投資依存症 その2
森永さんの容態が思わしくないようです。
応援する意味も込めて続けましょう。
「バブル」を証明する面白い記述。
「トヨタの有価証券報告書によると
2003年3月期の平均給与は805万円
2023年3月期の平均給与は895万円
20年間で90万円増えていますが
手取りではわずか60万円程度しか増えていない。
この間の2度の消費税増税や控除の縮小、
社保の増額に加え、コロナ後の著しい物価上昇。
トヨタとはいえ実質可処分ベースの『賃金』は
下がっている」
これ驚きませんか?
トヨタのエリート社員ですら
この20年間で生活がさらに
苦しくなっているのですね。
でもこの20年間で
「トヨタは大きく成長し、
労働生産性(=営業利益÷従業員数)は
2080万円→3043万円と1.5倍。
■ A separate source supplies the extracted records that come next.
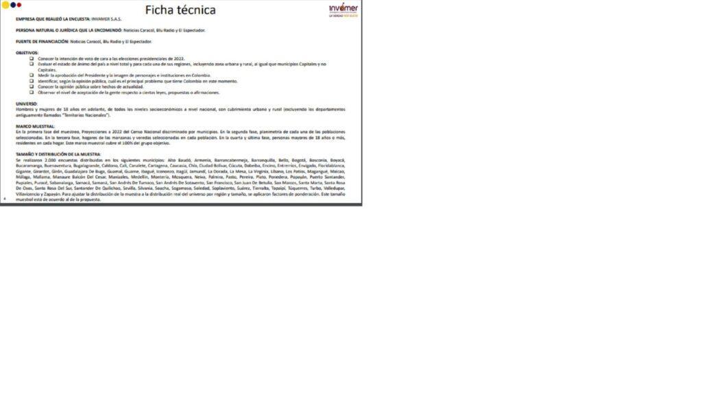 La firma Invamer detalló que los recientes escándalos de Petro junto a Roy Barreras no se reflejaron, ya que el sondeo se hizo entre el 3 y el 7 de junio a 2.000 personas en todo el país.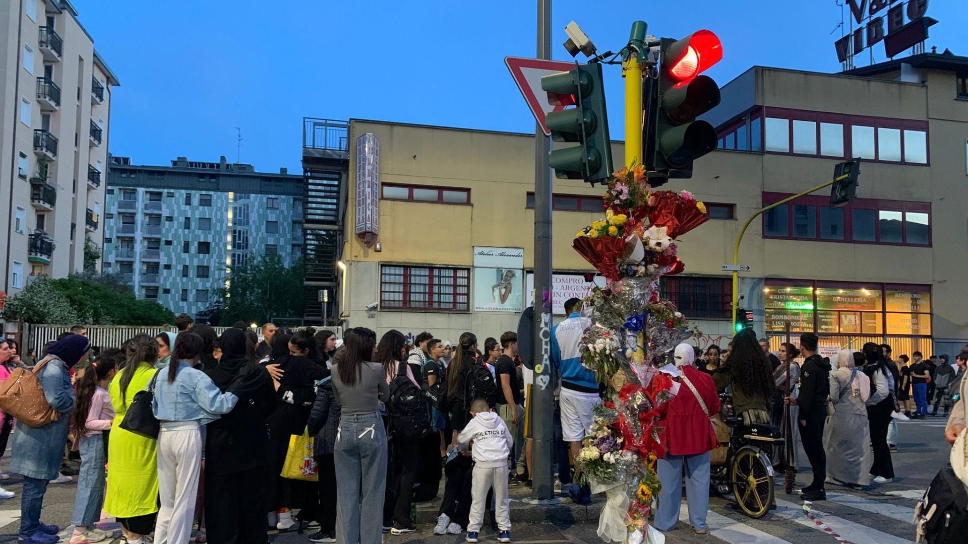Il corteo si è fermato prima intorno al palo dove ha perso la vita Moha. Attorno ai fiori lasciati in ricordo del ragazzo, si sono stretti i parenti e gli amici più stretti, coperti dagli striscioni. Chiedevano rispetto per il loro lutto. Ma il ricordo non si è fermato all’incrocio tra via Marco d’Agrate e via Cassano d’Adda. Il corteo ha proseguito fino al palo dove ha perso la vita Ramy.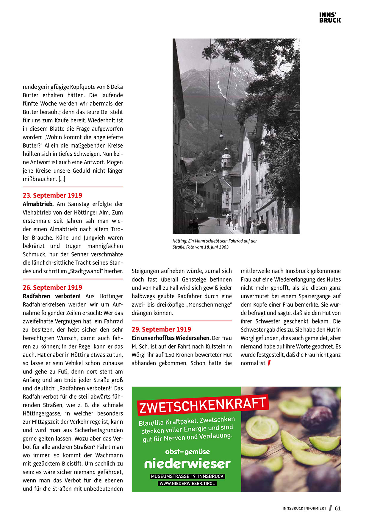 Hötting: Ein Mann schiebt sein Fahrrad auf der

」
労働生産性が963万円も伸びていたら
せめてその半分でも賃上げの原資になったのです。
ということは
「従業員の努力の果実のほとんどが会社の取り分と
なっている」
ということなのですね。
「賃上げの原資があることと、経営者が労働者に
分配するかの判断はまったく別問題」
ということ。
でもこの次を読むとトヨタの社員は怒らないのでしょうか?
「トヨタの豊田章男会長の2023年の役員報酬は
前年と比べて46%増の9億9900万円」
かつての日本は、上場企業であっても社長の年収は
2000万円程度だったのですが、今や数億円が常識。
株主への配当金も、以前は景気が悪ければ無配にし、
経営上、最優先していたのは従業員の雇用と給与
だったのです。
「それが今や、株主への配当や経営者の報酬を拡大する
ことを優先して、その原資として労働者の報酬を
抑制するようになった」
のです。
当然トヨタだけのお話ではないのですね。
各上場企業は自社の株価を引き上げるために
労働者への分配を抑制してきたのです。
経営者はどこまでも報酬が高くなり、労働者は
給料自体が抑圧されていきます。
これではまさに格差の拡大。
「格差の拡大は『平均株価』というみせかけの株価を
押し上げたのです」
これこそが森永さんが指摘する「バブル」であると・・・。